◆ Source data:
⁂
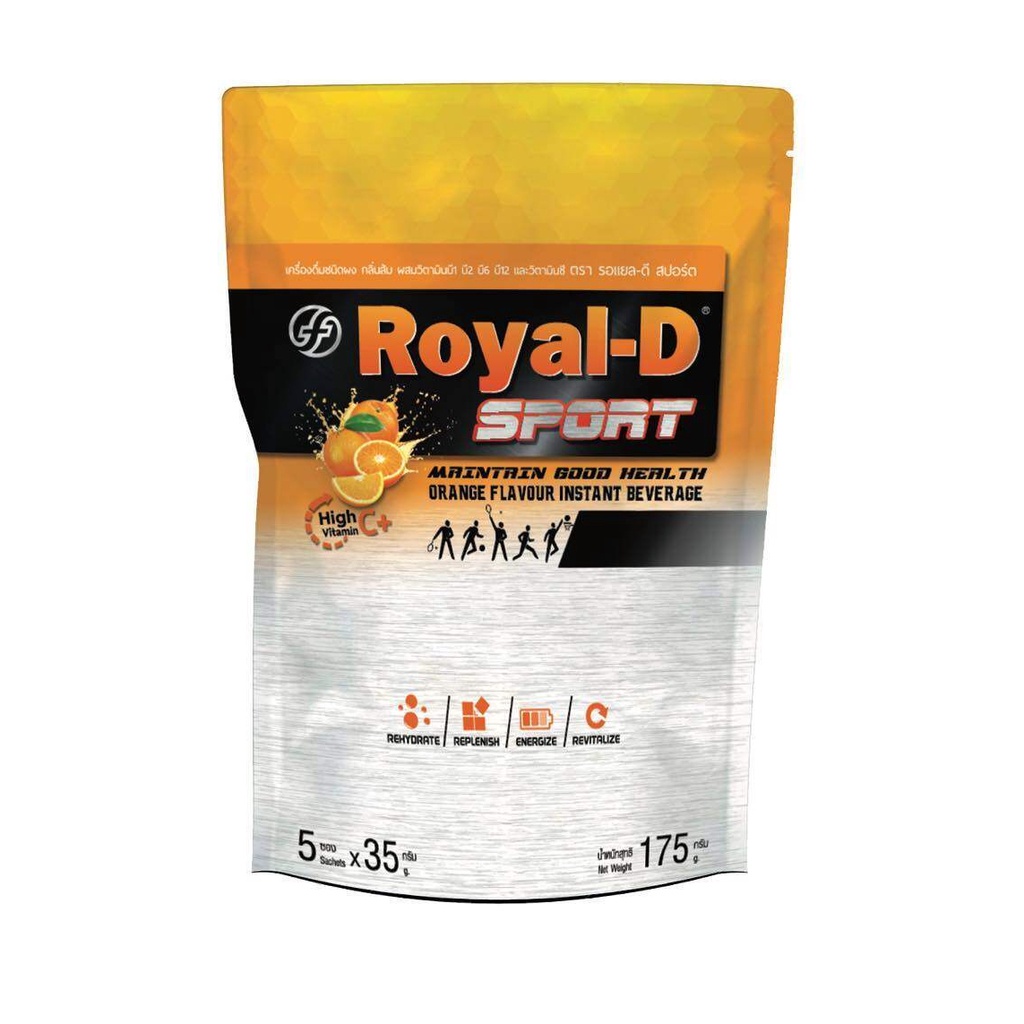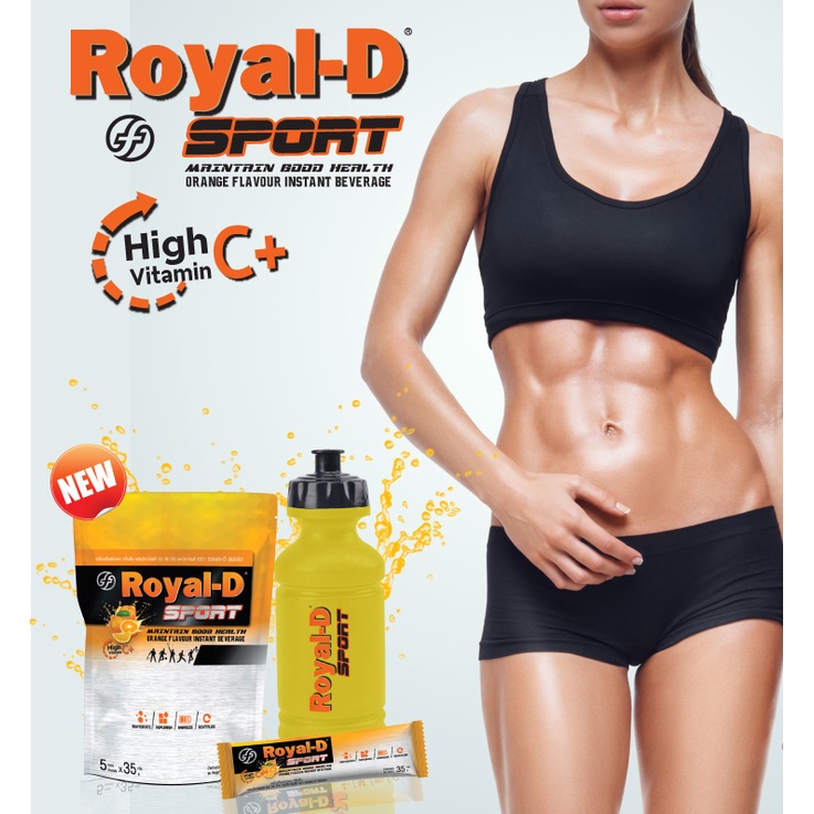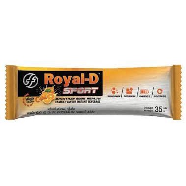 ROYAL-D SPORT เครื่องดื่มชนิดผงละลายน้ำ กลิ่นส้มผสมวิตามินบีและซี ลดการเป็นตะคริว
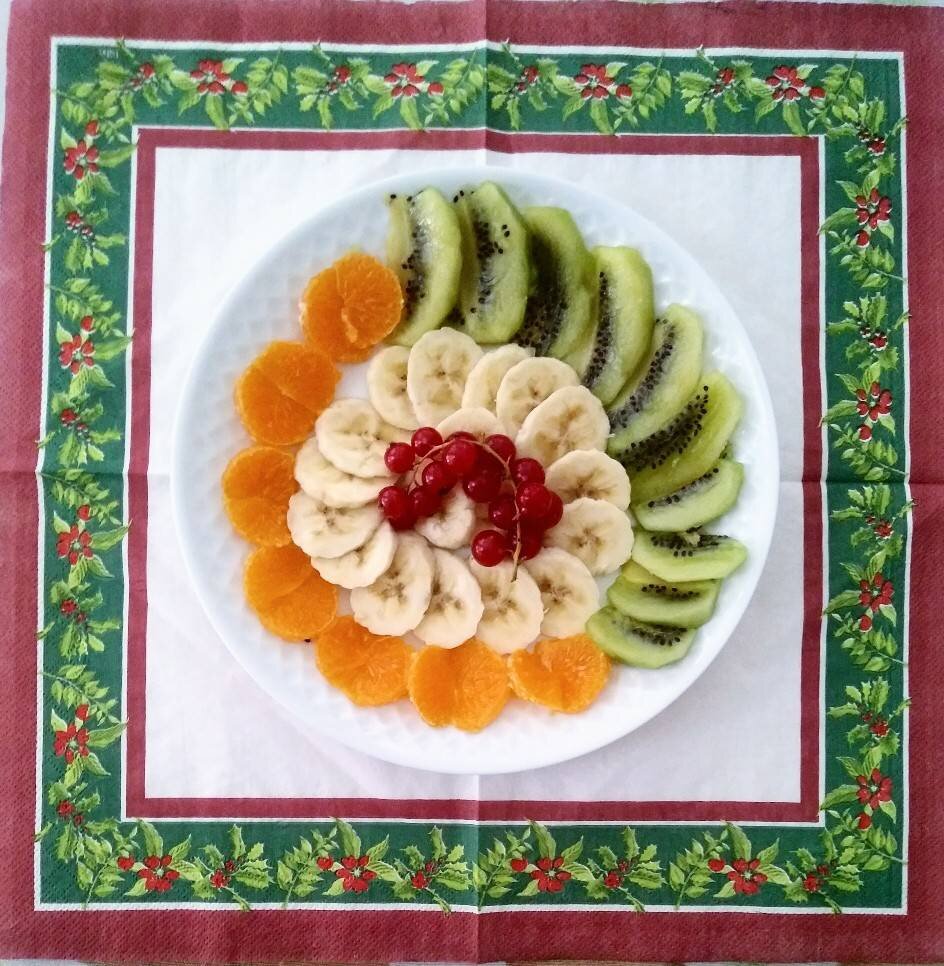 #фрукты #десерт #новыйгод Нет ничего лучше для застолья, нежели фруктовая нарезка, так как она радует глаз и придется по вкусу всем гостям. Просто, легко и вкусно 🎄🎄🎄🎄 Ингредиенты: киви, мандарин, банан, красная смородина Способ приготовления: Фрукты помыть. Почистить. Нарезать произвольно. Выложить на тарелку. Можно посыпать орешками. Приятного аппетита!!!!
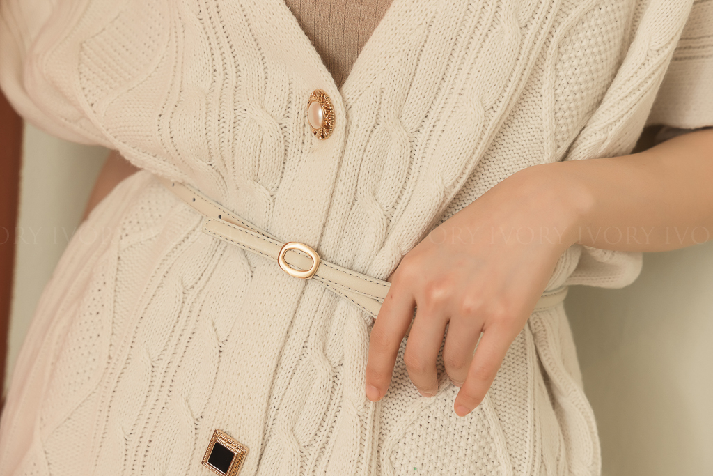 Q31069質感霧金橢圓釦真皮腰帶
⁂
◆ Assignment:
Skip all pictures. Write out only the lines from the one containing "#фрукты #десерт #новыйгод" to the end of the listing above, inclusive, exactly as given.

◆ Your response:
 #фрукты #десерт #новыйгод Нет ничего лучше для застолья, нежели фруктовая нарезка, так как она радует глаз и придется по вкусу всем гостям. Просто, легко и вкусно 🎄🎄🎄🎄 Ингредиенты: киви, мандарин, банан, красная смородина Способ приготовления: Фрукты помыть. Почистить. Нарезать произвольно. Выложить на тарелку. Можно посыпать орешками. Приятного аппетита!!!!
 Q31069質感霧金橢圓釦真皮腰帶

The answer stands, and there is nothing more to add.